The copy must hold exactly the lines from the one with "manifested by swelling" through the end of the listing below, and nothing else, with no pictures.

═══ Stored data

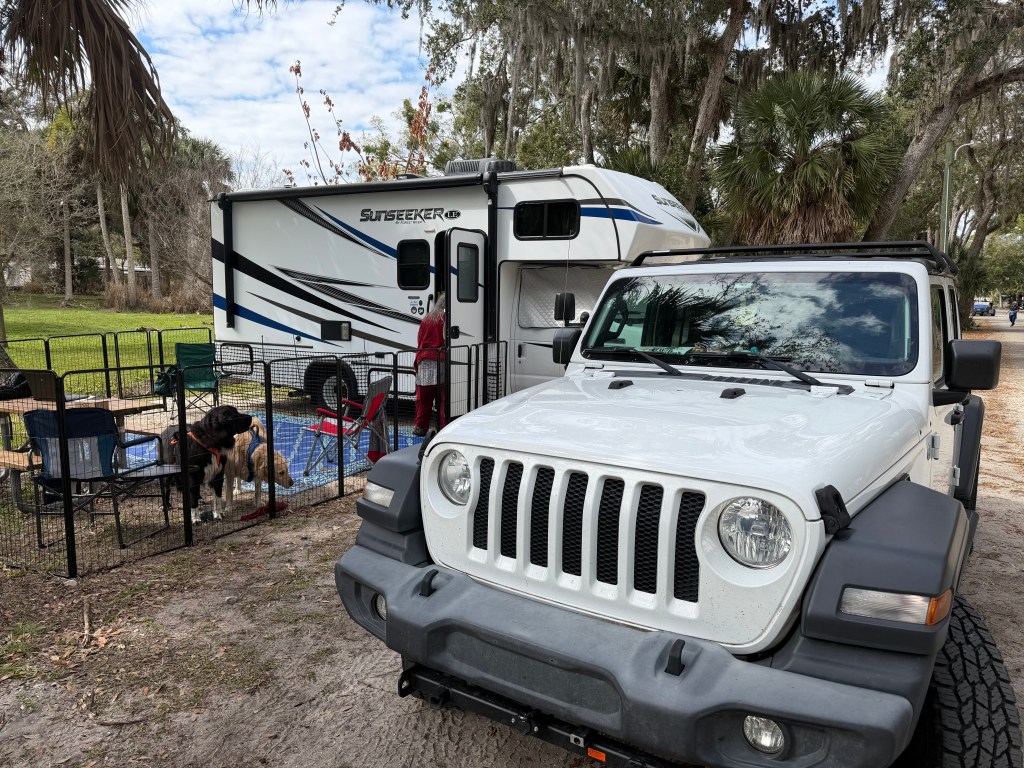 A lot has happened since we set out on our first long distance RV trip last week. We spent the first night in a Love’s gas station parking lot, which was like camping in a parking lot (because it was). The next two nights we spent in a state park and private RV campground. Both were nice but closer quarters than we were used to (with our vast experience, haha). The drama started immediately. I set up the jeep as a toad (pulled) vehicle and installed the Blue Rhino barking system. For some reason I could not get the brake to secure. Since the dealer was on our way out of town, we decided to stop and ask what we were doing wrong. It turned out the “problem” was I had set the seat too close to the auto brake. The tech moved the seat back 1/4 inch (0.3 cm) and it worked fine. The next difficulty came as I tried to back the toad (jeep) and found when the transmission is disengaged the wheels lock in reverse. The final drama came on the third day of driving as the brake system kept turning off. I reset the jeep to ACC twice before giving up. When we arrived at our campsite, I found the battery on our jeep JL was completely dead.
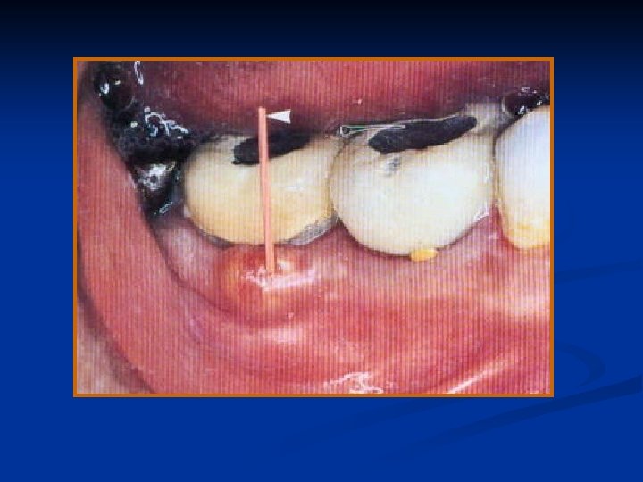 § manifested by swelling and mild pain. § Aperiodontalabscessisgenerallyassociatedwith vital rather than with pulp less teeth,
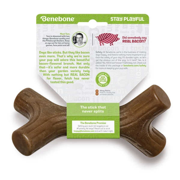 Tougher than real sticks and flavoured with real bacon, the Bacon Stick is sure to upgrade your pup’s chew and fetch game. At Benebone, we started with the premise that dogs experience scent and flavour in a way we can’t even grasp. So we ditched the neon colors and loud squeaks. Inspired by a dog’s powerful sense of smell, we developed a long-lasting durable chew that’s jam-packed with real bacon. Once your dog takes a bite of our USA-made chews, he’ll be hooked. We’re Obsessed with Safety Too. Wonder if Benebone is right for your dog? Here’s what you need to know. Since it’s hard, it’s important that your pup has strong teeth. If you’re unsure, check with your vet. Nobody likes an unexpected trip to the dentist. Keep an eye out for wear and tear. Within a month or so, we find that most dogs chew Benebone into submission. See the wear page on our website for helpful photos to determine when to replace yours. Keep away from households with peanut or other allergies. What’s Inside? Nothing but Nylon and Real Bacon for Tantalizing Flavour.

══════

→ **Written reply**:
 § manifested by swelling and mild pain. § Aperiodontalabscessisgenerallyassociatedwith vital rather than with pulp less teeth,
 Tougher than real sticks and flavoured with real bacon, the Bacon Stick is sure to upgrade your pup’s chew and fetch game. At Benebone, we started with the premise that dogs experience scent and flavour in a way we can’t even grasp. So we ditched the neon colors and loud squeaks. Inspired by a dog’s powerful sense of smell, we developed a long-lasting durable chew that’s jam-packed with real bacon. Once your dog takes a bite of our USA-made chews, he’ll be hooked. We’re Obsessed with Safety Too. Wonder if Benebone is right for your dog? Here’s what you need to know. Since it’s hard, it’s important that your pup has strong teeth. If you’re unsure, check with your vet. Nobody likes an unexpected trip to the dentist. Keep an eye out for wear and tear. Within a month or so, we find that most dogs chew Benebone into submission. See the wear page on our website for helpful photos to determine when to replace yours. Keep away from households with peanut or other allergies. What’s Inside? Nothing but Nylon and Real Bacon for Tantalizing Flavour.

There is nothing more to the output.